CMI-RewardBench: Evaluating Music Reward Models with Compositional Multimodal Instruction
Published in ICML 2026, 2026
Recommended citation: Yinghao Ma, Haiwen Xia, Hewei Gao, Weixiong Chen, Yuxin Ye, Yuchen Yang, Sungkyun Chang, Mingshuo Ding, Yizhi Li, Ruibin Yuan, Simon Dixon, Emmanouil Benetos. (2026). "CMI-RewardBench: Evaluating Music Reward Models with Compositional Multimodal Instruction." ICML 2026. https://arxiv.org/abs/2603.00610
CMI-RewardBench evaluates music reward models with compositional multimodal instructions and introduces a new benchmark for generated audio preference learning.

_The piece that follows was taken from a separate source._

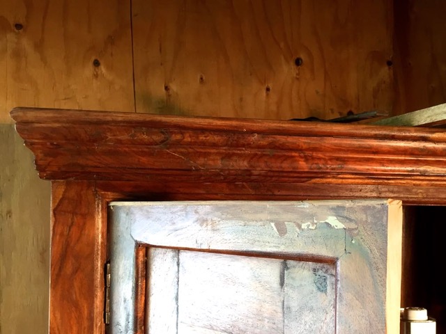 [Glue setting on rebuilt drawer edge, to be trimmed for non-square fitting!]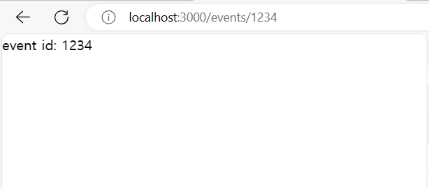 http://localhost:3000/events/1234 를 호출해 보자. 아래와 같이 보일 것이다. 동적 라우팅 페이지를 추가하면 HMR 이 작동되지 않는 경우가 있다. 이럴 경우 서버를 다시 기동해야 한다.

- Introduced a new task for evaluating generated audio from compositional music instructions.
- Created the CMI-Pref dataset using 23 music generation models, with 110k LLM-labeled preferences, 797 hours of generated audio, and a human-labeled subset containing 4027 preference labels.
- Built CMI-RewardBench to evaluate preference learning methods on compositional multimodal music instructions.
- Trained a parameter-efficient reward model that reaches near-SOTA correlation with human labels across multiple evaluation protocols and supports inference-time scaling for music generation models.